I admire your commitment to rate how much sex is in a film using a numerical ranking of 1-5, rather than the more common scale of "not enough" to "naked Ryan Gosling". You're probably being tongue-in-cheek when you describe your system as "super-accurate". Still, I must point out that your mission to describe every film and TV show using "objective" tags is more flawed than Don Draper.

Take your "Exciting" films category, for instance. The keywords for inclusion seem to be "bombs", "terrorism", "explosions" and such like. No disrespect to Fireman Sam: The Great Fire of PontyPandy, in which Norman and Derek "accidentally create a raging wildfire", but when I look at my "Exciting" list, I feel jaded.

I'll tell you what excites me: Chalet Girl. Will poor Alpine novice Felicity Jones triumph against the odds, win the snowboarding competition and get to slalom off-piste with rich Ed Westwick? It's the definition of predictable thrill. But I notice you haven't got Chalet Girl in your movie catalogue. If you did, I'd categorise it as "Romantic British Underdog Film with a Bill Nighy Cameo".

On my own UK/Ireland service, you tend to stick to categories with single adjectives such as “gritty”, “cerebral” and “dark”, and I’m presuming your new tagger (me) will pave the way for the more specific “micro-genres” I hear you offer other customers. My advice is to play to your strengths. It’s no use recommending I watch Academy Award-Winning Films – I’ve seen the ones I want to see. What you need is categories such as “Picked Up a Surprise Golden Globe Nomination for Musical or Comedy”, “Documentaries Shunned by your Local Multiplex” and – in recognition of your laptop/tablet audience – “Films Teenagers Can’t Watch with their Parents in the Room”.
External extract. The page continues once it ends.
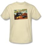 | | Back To The Future III Kids T-shirt Movie Hill Valley Postcard CreamThis Back To The Future III T-shirt Hill Valley Postcard Slim Fit Adult Tee Shirt features a nostalgic postcard image of Greetings from Hill Valley 1855 with jet black Central Pacific Locomotive 131 contrasting dramatically alongside DeLorean Time Machine. Our t shirts incredible fit makes an fantastic gift for any fan capturing essence of Back to the Future Part III directed by Robert Zemeckis where engine normally cruised at 25 mph with a top speed of 55 but "fearless" engineer Frank Fargo allegedly pushed speed to nearly 70 past Verde Junction. Available in Small(6-8), Medium(10-12), Large(14-16), & XL(18-20) Officially Licensed |
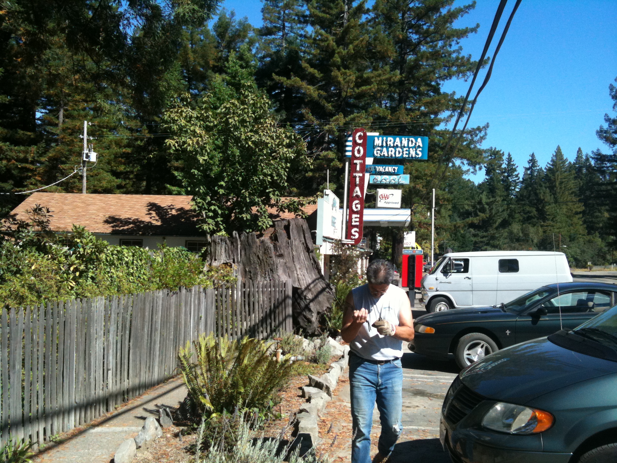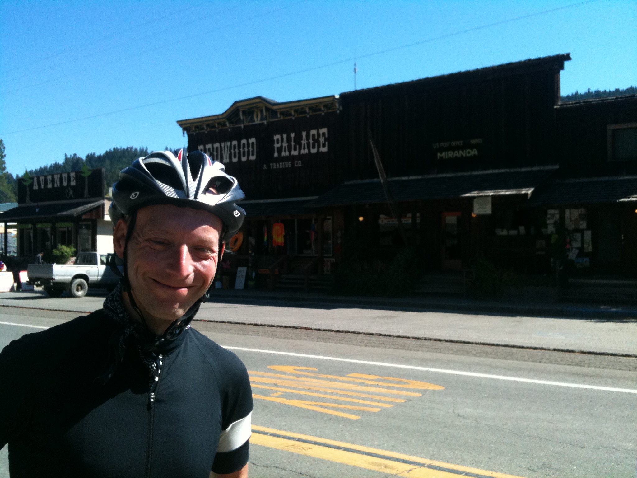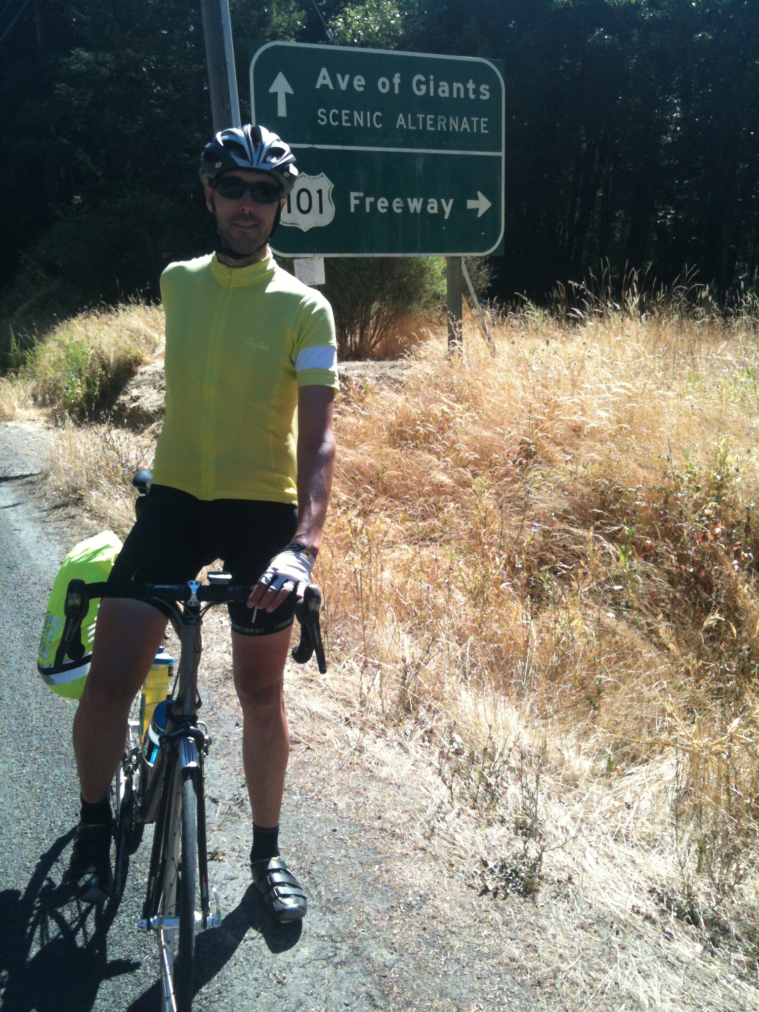 We rode past Piercy and about 5 miles from Leggett, we caught up with two other cyclists: Cleveland and John. We’ve spotted more cyclists on the road since we came into California than we’ve seen on the whole of the rest of the journey so far, (if the cyclists in the cities of Vancouver, Seattle and Portland are excluded). Cleveland and John are nos. 16 and 17! They’d been camping for the weekend … “Where’s all your camping gear?”, I asked? “Our wives have it in the ‘sag wagon’ – we’re riding along until they come and pick us up!” what a great idea! I said: “We don’t have any wives, unfortunately!” John works in insurance and Cleveland is completing a PhD in environmental business. That sound great – it’s good to meet people on bicycles like Cleveland and Christie who are working to help the environment.

My other proposed categories include "TV Dramas Marketed as Being the New Mad Men But Weren't", "Films in which Michael Fassbender is Brilliant at Being Evil" and "Oh My God, Why Does 1999 Look Like Another Epoch Already".

I definitely have the passion for TV you want – right now, I'm thinking of starting a "Get Martin Back in The Bridge" petition – and as luck would have it, I also have one of those film degrees you specify. But the most important thing you need to know about me is that yes, I have seen the original House of Cards. I'm old enough to have watched it when it first went out in 1990 on BBC One (one of those old-school linear broadcast channels you're pensioning off), but young enough to have been haunted for the rest of the decade by Ian Richardson saying "Mattie" in an admonishing tone.

I would like to conclude this job application with a question. When you say you want your tagger (me) to watch all your content, "from end-to-end", does that include Adam Sandler movies? Can't we just tag them "Popular on Facebook" and leave it at that? I would also like your permission to mute the opening credits to Orange is the New Black. Its theme tune is torturous – as I expect being a Netflix tagger would be after the first week. So it's just like every other job, then.